R package for some of the less-glamorous tasks involved in landscape analysis. Provides utility functions for some of the less-glamorous tasks involved in landscape analysis. It includes functions to coerce raster data to the common tibble format and vice versa, it helps with flexible reclassification tasks of raster data and it provides a function to merge multiple raster.

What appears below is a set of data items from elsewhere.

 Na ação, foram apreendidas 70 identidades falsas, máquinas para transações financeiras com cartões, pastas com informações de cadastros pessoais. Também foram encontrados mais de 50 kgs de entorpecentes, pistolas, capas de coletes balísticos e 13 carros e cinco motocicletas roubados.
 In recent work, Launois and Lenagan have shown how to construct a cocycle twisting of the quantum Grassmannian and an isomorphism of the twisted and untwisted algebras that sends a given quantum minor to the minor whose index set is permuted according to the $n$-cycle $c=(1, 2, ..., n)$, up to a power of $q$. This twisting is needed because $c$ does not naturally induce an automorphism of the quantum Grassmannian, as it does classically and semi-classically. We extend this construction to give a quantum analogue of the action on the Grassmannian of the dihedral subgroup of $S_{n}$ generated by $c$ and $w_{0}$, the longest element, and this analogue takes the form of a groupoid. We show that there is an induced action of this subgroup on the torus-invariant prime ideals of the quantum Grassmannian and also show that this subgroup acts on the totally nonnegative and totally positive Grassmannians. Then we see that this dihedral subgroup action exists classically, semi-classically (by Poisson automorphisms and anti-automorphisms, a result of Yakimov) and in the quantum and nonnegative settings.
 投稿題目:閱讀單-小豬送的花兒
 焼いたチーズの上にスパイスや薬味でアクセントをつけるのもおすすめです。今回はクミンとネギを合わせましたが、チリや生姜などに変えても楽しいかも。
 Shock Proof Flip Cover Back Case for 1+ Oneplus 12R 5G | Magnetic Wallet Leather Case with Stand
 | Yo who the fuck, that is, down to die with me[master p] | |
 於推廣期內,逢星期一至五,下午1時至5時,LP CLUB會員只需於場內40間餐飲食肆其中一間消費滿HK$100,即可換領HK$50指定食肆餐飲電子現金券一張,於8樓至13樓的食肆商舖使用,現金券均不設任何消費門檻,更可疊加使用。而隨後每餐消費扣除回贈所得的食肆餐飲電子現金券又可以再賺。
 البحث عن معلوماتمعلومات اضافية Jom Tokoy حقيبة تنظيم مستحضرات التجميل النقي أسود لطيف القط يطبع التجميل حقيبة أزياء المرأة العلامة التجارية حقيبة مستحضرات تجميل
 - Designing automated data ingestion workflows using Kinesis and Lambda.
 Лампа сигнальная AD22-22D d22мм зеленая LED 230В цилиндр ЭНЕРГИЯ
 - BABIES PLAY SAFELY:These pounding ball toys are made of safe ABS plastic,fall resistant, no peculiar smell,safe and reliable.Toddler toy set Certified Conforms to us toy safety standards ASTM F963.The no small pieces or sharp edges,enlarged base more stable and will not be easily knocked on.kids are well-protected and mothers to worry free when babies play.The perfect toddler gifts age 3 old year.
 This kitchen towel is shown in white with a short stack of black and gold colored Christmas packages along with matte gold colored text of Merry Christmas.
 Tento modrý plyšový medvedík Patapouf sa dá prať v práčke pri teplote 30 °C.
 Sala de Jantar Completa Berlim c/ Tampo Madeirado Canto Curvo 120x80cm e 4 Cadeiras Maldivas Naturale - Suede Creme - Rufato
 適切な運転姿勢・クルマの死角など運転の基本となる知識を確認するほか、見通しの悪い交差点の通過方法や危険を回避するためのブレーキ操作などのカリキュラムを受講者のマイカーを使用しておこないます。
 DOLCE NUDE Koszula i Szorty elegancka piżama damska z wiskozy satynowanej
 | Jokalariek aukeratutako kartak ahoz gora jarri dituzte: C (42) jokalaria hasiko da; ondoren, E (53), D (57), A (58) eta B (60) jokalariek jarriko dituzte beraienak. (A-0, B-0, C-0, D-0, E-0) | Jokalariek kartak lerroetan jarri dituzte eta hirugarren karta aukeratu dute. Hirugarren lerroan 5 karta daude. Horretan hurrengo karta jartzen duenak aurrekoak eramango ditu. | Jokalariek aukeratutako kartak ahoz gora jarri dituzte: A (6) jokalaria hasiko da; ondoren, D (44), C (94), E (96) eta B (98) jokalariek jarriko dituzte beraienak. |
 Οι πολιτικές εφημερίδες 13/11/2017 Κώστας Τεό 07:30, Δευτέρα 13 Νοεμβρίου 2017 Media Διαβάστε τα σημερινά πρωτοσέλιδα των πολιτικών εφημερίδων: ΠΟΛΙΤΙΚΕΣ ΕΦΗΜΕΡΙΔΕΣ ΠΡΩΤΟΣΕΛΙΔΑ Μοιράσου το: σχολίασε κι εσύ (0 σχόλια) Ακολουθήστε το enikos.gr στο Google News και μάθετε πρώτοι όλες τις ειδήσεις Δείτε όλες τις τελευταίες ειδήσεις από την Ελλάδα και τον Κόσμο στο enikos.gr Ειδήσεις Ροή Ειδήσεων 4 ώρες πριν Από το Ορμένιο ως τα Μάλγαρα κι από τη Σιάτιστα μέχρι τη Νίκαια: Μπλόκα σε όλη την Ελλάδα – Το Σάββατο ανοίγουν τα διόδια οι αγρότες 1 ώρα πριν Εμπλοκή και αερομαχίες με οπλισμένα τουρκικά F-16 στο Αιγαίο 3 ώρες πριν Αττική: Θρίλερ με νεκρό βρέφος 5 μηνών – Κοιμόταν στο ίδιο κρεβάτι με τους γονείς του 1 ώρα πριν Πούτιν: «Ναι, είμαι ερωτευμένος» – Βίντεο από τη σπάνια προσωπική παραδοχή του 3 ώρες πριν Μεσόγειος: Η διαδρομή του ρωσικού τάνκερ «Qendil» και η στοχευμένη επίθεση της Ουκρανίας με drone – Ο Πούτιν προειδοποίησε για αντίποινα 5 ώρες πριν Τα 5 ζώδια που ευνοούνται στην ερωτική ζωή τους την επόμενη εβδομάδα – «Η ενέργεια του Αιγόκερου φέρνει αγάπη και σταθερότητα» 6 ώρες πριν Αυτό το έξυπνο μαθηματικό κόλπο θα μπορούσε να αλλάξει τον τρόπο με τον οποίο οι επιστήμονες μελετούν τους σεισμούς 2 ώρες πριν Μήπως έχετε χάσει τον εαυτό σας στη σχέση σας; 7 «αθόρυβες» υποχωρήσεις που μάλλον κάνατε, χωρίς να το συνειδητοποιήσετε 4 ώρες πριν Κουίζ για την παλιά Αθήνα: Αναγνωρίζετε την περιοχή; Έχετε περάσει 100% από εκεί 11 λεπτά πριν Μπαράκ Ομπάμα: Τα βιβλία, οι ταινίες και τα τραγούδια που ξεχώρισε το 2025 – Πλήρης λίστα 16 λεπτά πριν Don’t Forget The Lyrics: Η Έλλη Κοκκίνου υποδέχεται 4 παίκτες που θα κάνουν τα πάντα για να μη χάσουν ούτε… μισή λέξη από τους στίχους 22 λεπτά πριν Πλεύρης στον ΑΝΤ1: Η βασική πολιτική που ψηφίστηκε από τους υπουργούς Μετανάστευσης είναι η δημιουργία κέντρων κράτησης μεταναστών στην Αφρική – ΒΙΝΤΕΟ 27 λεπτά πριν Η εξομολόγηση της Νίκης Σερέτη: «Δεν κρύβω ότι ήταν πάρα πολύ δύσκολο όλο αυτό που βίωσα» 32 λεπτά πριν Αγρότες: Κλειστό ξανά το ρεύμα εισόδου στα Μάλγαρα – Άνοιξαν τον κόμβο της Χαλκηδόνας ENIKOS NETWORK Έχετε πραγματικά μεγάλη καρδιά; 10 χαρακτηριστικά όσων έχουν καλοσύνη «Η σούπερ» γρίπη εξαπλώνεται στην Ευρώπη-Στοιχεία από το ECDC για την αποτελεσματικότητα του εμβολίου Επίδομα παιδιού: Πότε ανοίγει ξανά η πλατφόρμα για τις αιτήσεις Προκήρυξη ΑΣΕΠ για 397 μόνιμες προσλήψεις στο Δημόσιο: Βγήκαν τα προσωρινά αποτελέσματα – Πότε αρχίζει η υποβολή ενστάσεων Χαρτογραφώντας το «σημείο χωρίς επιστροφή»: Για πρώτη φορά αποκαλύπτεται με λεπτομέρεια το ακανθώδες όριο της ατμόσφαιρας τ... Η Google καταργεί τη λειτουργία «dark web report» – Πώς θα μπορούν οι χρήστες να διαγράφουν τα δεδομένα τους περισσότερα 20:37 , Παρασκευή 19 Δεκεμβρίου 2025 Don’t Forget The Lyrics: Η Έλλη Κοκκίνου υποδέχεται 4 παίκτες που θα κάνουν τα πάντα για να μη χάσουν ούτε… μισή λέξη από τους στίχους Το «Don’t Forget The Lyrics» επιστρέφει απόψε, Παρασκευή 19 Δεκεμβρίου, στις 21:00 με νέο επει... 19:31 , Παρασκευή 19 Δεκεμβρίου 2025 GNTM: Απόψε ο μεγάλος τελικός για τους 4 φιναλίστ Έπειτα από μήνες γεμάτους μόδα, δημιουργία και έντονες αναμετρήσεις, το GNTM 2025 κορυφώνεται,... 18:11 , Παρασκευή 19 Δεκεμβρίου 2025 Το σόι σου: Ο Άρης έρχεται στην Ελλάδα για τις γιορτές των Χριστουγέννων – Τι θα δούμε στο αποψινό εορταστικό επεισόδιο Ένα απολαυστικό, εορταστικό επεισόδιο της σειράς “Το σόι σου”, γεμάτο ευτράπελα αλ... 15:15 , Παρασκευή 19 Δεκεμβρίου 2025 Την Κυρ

Furthermore, ‘landscapetools’ helps landscape scientists to visualize their data by providing optional themes and utility functions to plot single landscapes, rasterstacks, -bricks and lists of raster.
landscapemetrics is an R package for calculating landscape metrics for categorical landscape patterns in a tidy workflow. The package can be used as a drop-in replacement for FRAGSTATS (McGarigal et al. 2012), as it offers a reproducible workflow for landscape analysis in a single environment. It also allows for calculations of four theoretical metrics of landscape complexity: an overall spatio-thematic complexity, a thematic complexity, a configurational complexity, and a disambiguator of pattern types having the same overall complexity (Nowosad and Stepinski 2018).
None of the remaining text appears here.